--- Exercise prompt ---
Exactly as they stand, give the records below again, with no images.

--- Stored items ---
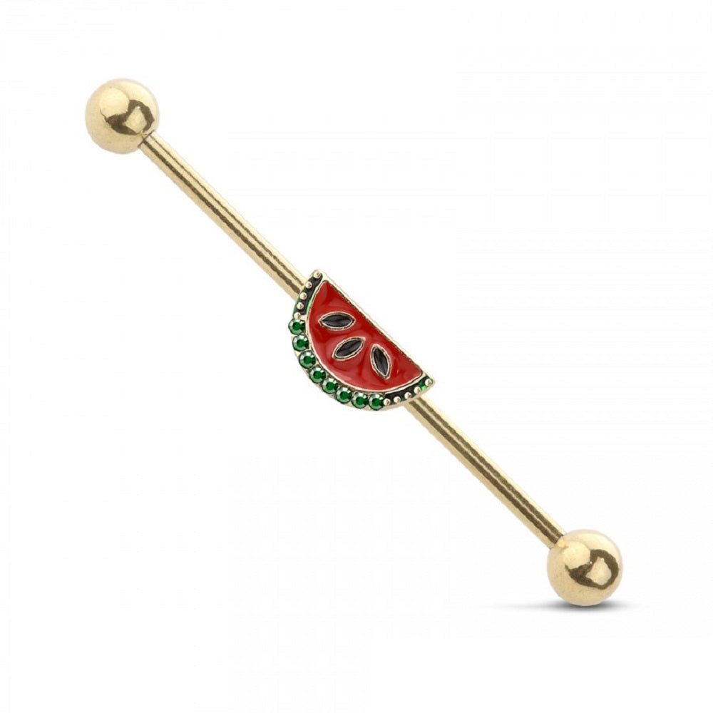 CZ Crystal Paved Watermelon Industrial Barbell - Stainless Steel
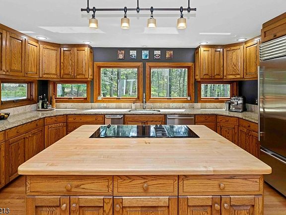 Beautiful contemporary home on 2 acres of a wooded lot and plenty of windows for natural light. The main level of the home is an open floor plan with a Living Room, Dining Room, Den with fireplace, Kitchen with attached eating area, Primary Bedroom with walk in closets and attached full bath, 2 additional bedrooms with access to a Full Hall Bathroom, all rooms are large and surround a peaceful atrium. The Atrium has a fresh water pond and garden area. The peacefulness of the atrium is a great place to meditate or sit and read while listening to the water flowing into the pond. The lower level has an ensuite with a full bath and living Room as well as access to the large basement with plenty of storage, the oversized garage and heated inground pool. Outside there is a front deck that runs the length of the home and a raised deck on the back of the house leading to the pool. Landscaping is professionally done. This home is a true gem! The home has had only 1 owner and is very well maintained.
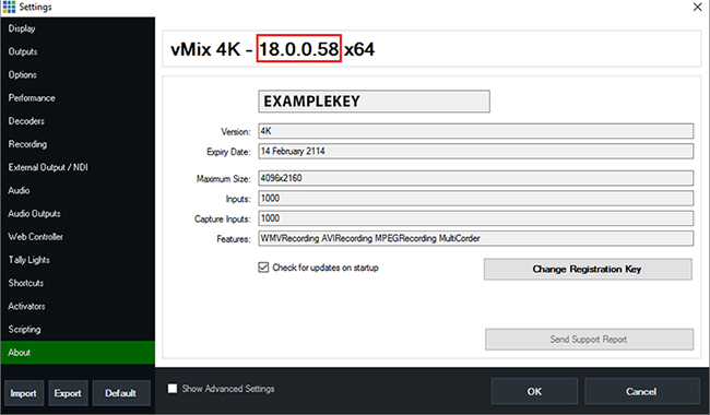 To check what version of vMix you are currently running, open vMix and select the "Settings" button at the top right and go to the "About" tab.
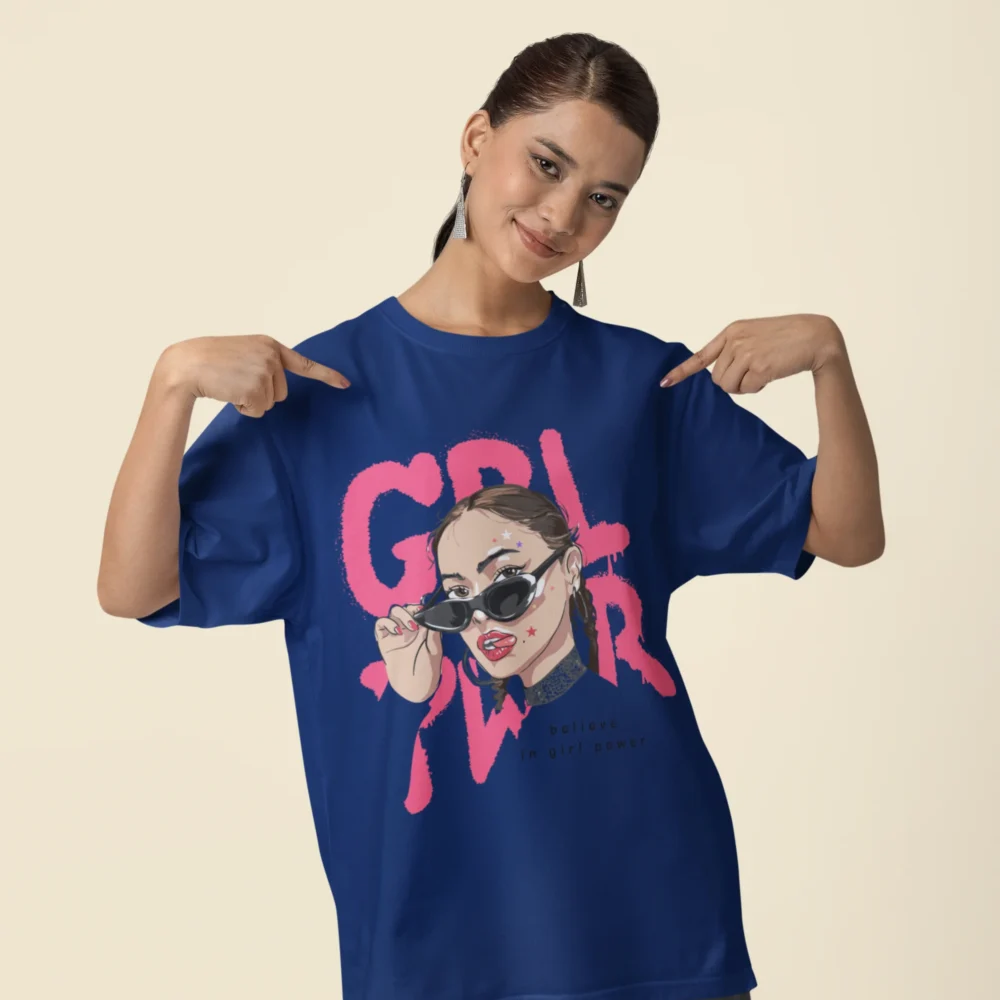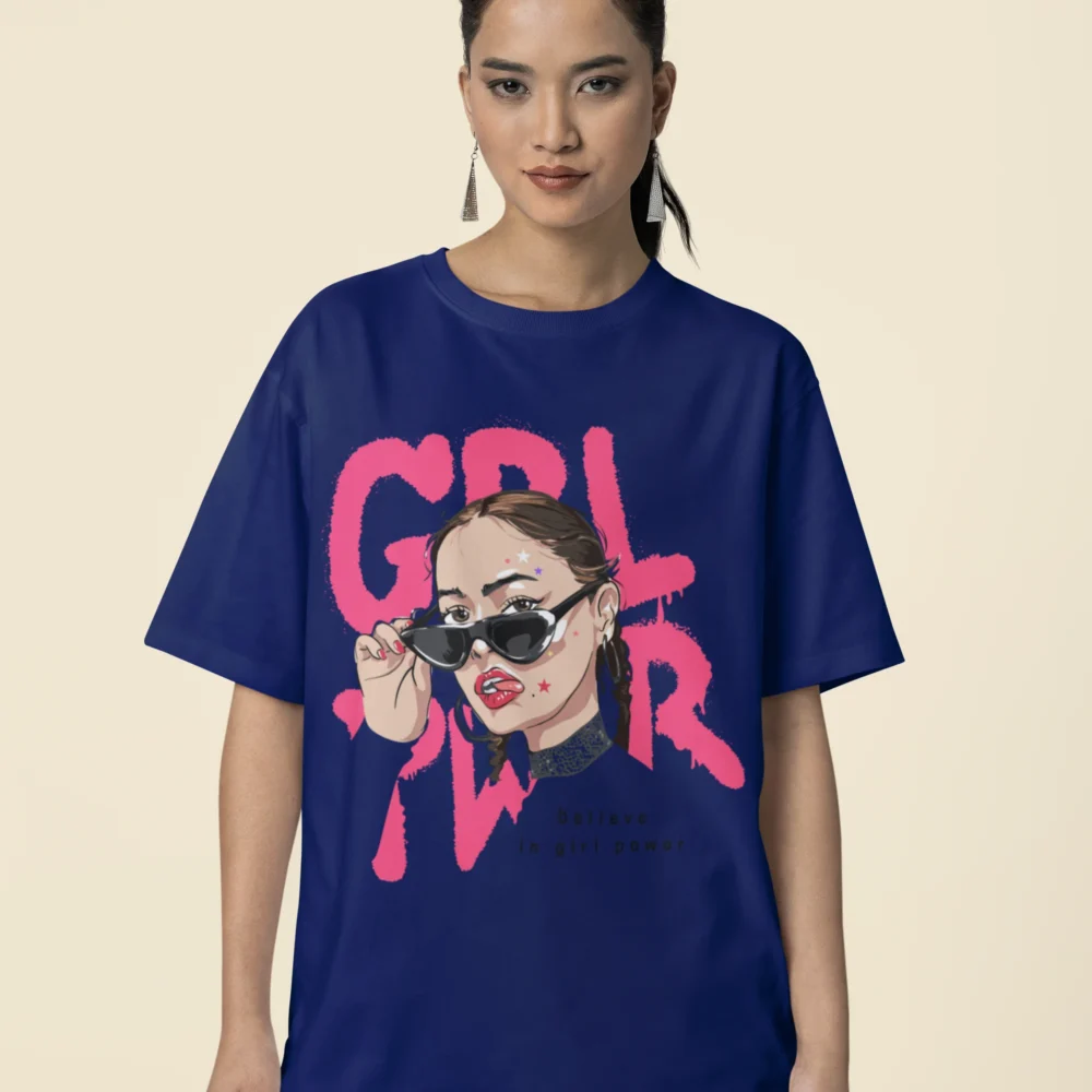 Oversized Graphic T-Shirt for Girls – GRL PWR Print | 100% Cotton Biowash | NavyBlue
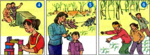 - Trò chơi: đá banh, bắn bi, ngồi xích đu, chơi cờ, chơi với búp bê...
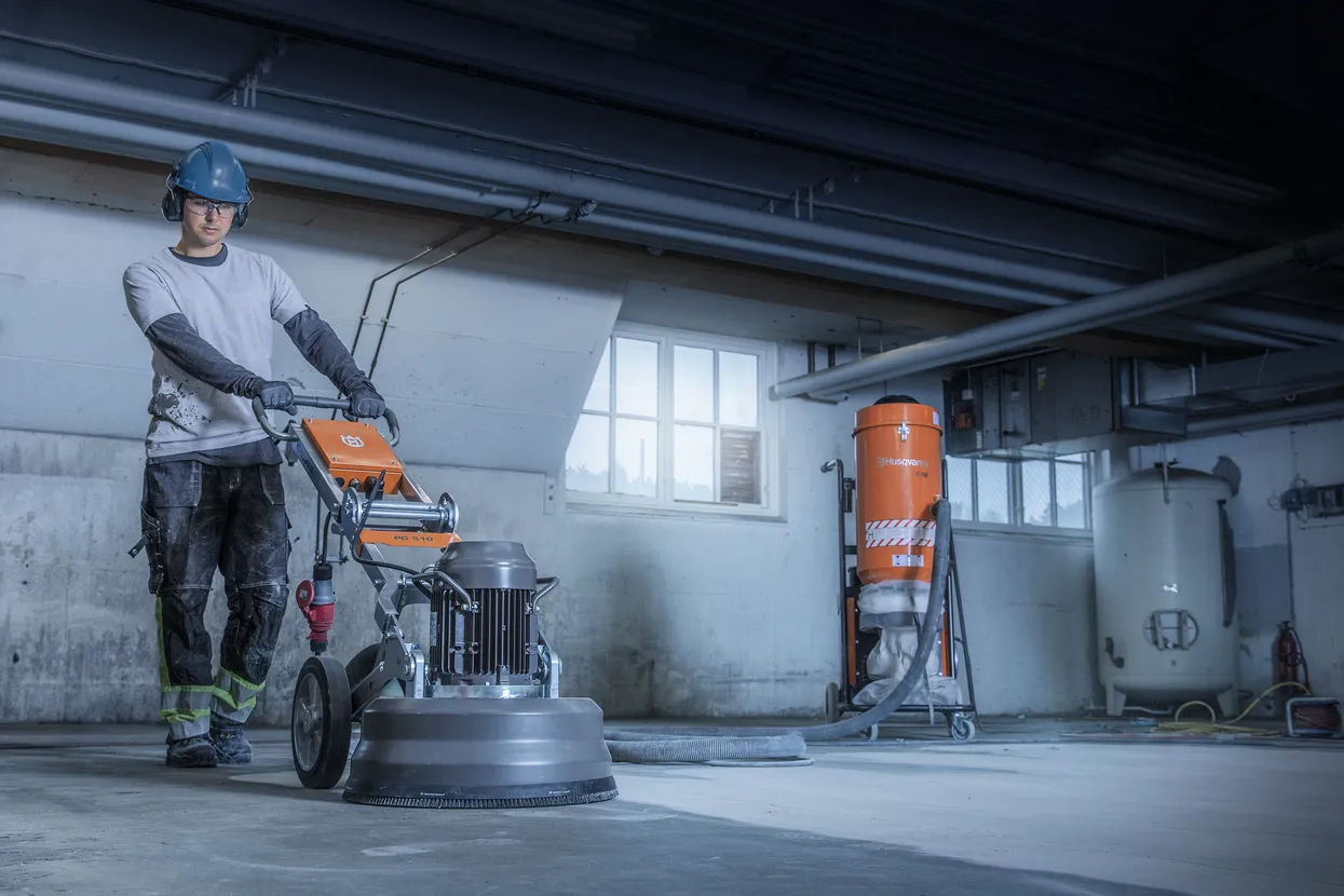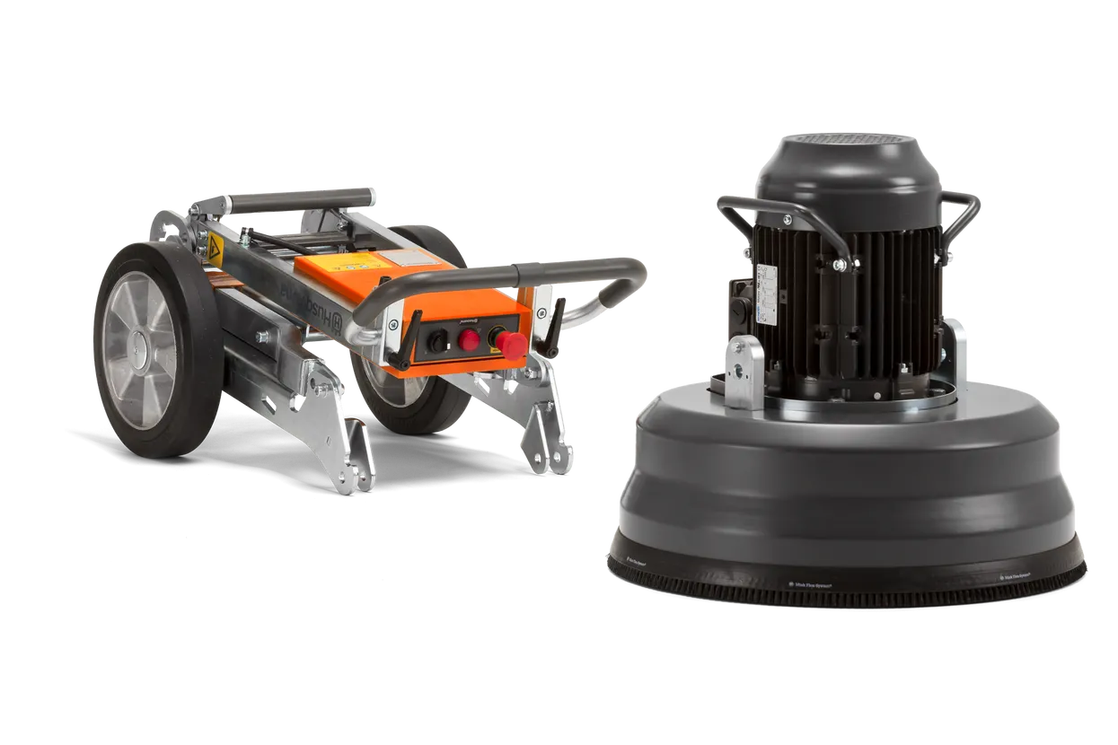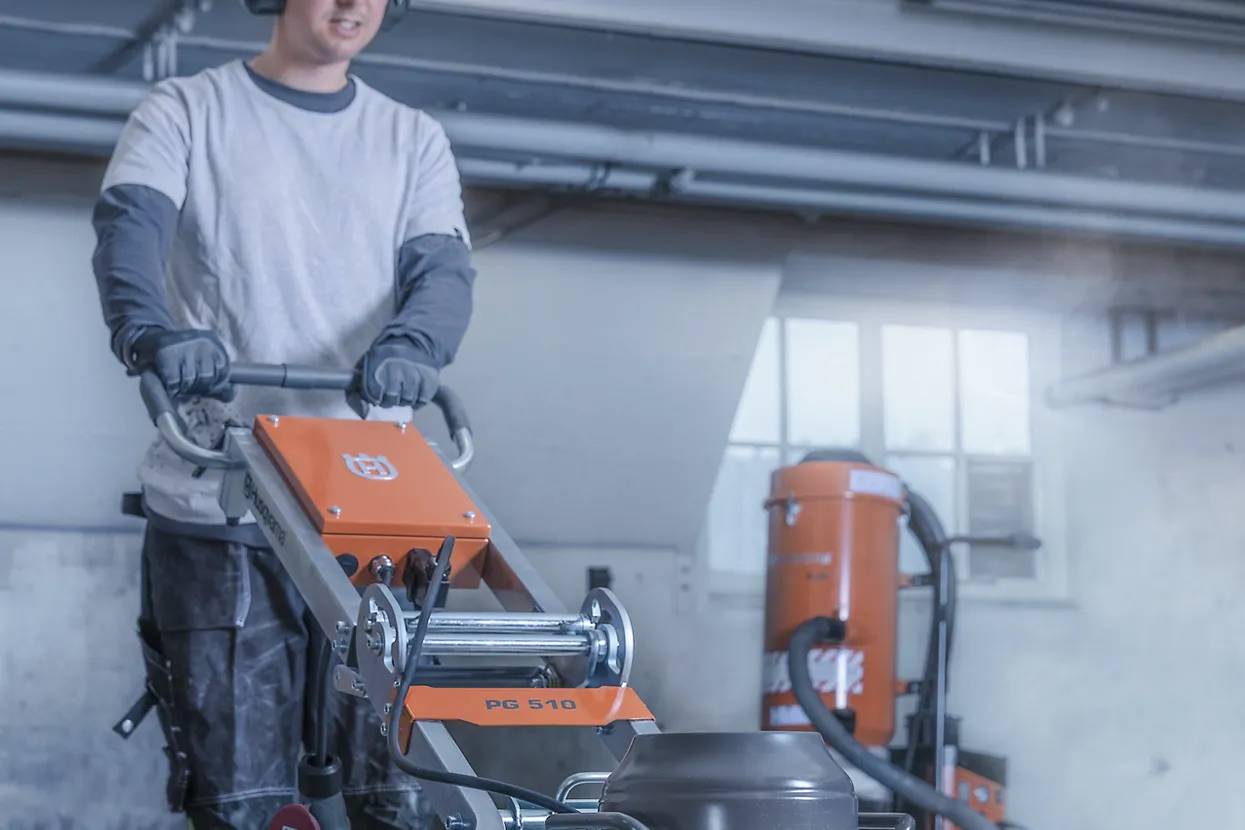 The PG 510 is a planetary floor grinder with three grinding discs and a total grinding width of 515 mm. It is suitable for removing coatings, grinding and polishing concrete, etc. The grinding head on the PG 510 is effectively sealed to keep dust and moisture out. This greatly extends the lifetime of the bearings and belts. The PG 510 is ideal as a rental machine and suitable for both professional and semi-professional work. Quick-release couplings allow the grinding head to be separated from the chassis which can then be easily folded for transport. The grinder also has a digital hour meter.
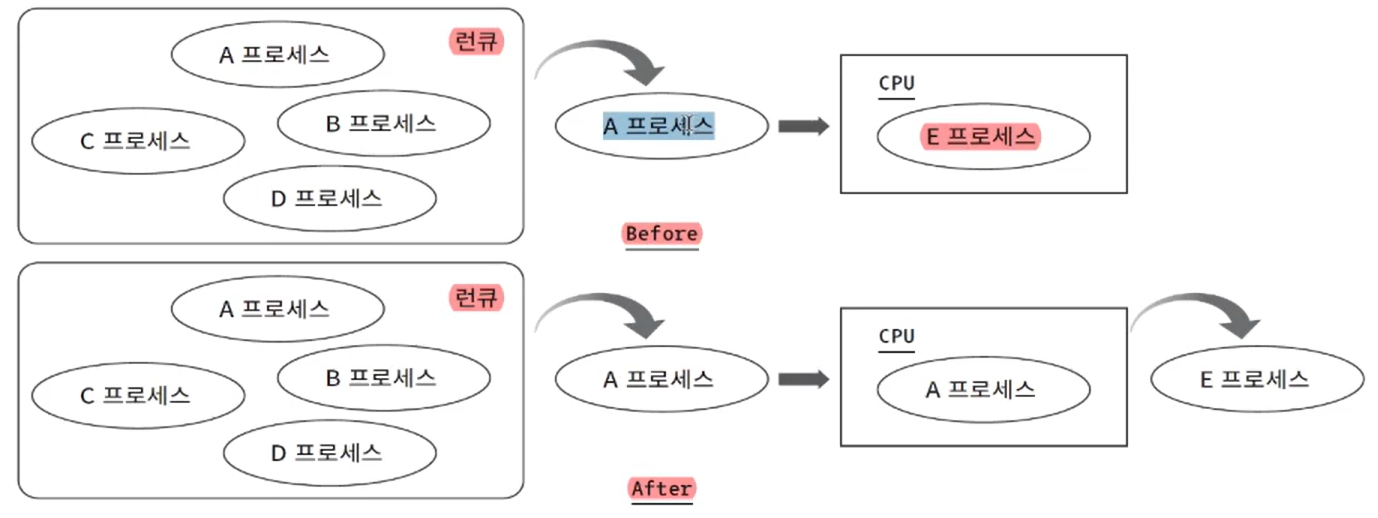 - CPU에서 실행 중인 E 프로세스의 실행 정보로 채워져 있는 CPU레지스터 Set를 비운다.

--- Exercise solution ---
 CZ Crystal Paved Watermelon Industrial Barbell - Stainless Steel
 Beautiful contemporary home on 2 acres of a wooded lot and plenty of windows for natural light. The main level of the home is an open floor plan with a Living Room, Dining Room, Den with fireplace, Kitchen with attached eating area, Primary Bedroom with walk in closets and attached full bath, 2 additional bedrooms with access to a Full Hall Bathroom, all rooms are large and surround a peaceful atrium. The Atrium has a fresh water pond and garden area. The peacefulness of the atrium is a great place to meditate or sit and read while listening to the water flowing into the pond. The lower level has an ensuite with a full bath and living Room as well as access to the large basement with plenty of storage, the oversized garage and heated inground pool. Outside there is a front deck that runs the length of the home and a raised deck on the back of the house leading to the pool. Landscaping is professionally done. This home is a true gem! The home has had only 1 owner and is very well maintained.
 To check what version of vMix you are currently running, open vMix and select the "Settings" button at the top right and go to the "About" tab.
 Oversized Graphic T-Shirt for Girls – GRL PWR Print | 100% Cotton Biowash | NavyBlue
 - Trò chơi: đá banh, bắn bi, ngồi xích đu, chơi cờ, chơi với búp bê...
 The PG 510 is a planetary floor grinder with three grinding discs and a total grinding width of 515 mm. It is suitable for removing coatings, grinding and polishing concrete, etc. The grinding head on the PG 510 is effectively sealed to keep dust and moisture out. This greatly extends the lifetime of the bearings and belts. The PG 510 is ideal as a rental machine and suitable for both professional and semi-professional work. Quick-release couplings allow the grinding head to be separated from the chassis which can then be easily folded for transport. The grinder also has a digital hour meter.
 - CPU에서 실행 중인 E 프로세스의 실행 정보로 채워져 있는 CPU레지스터 Set를 비운다.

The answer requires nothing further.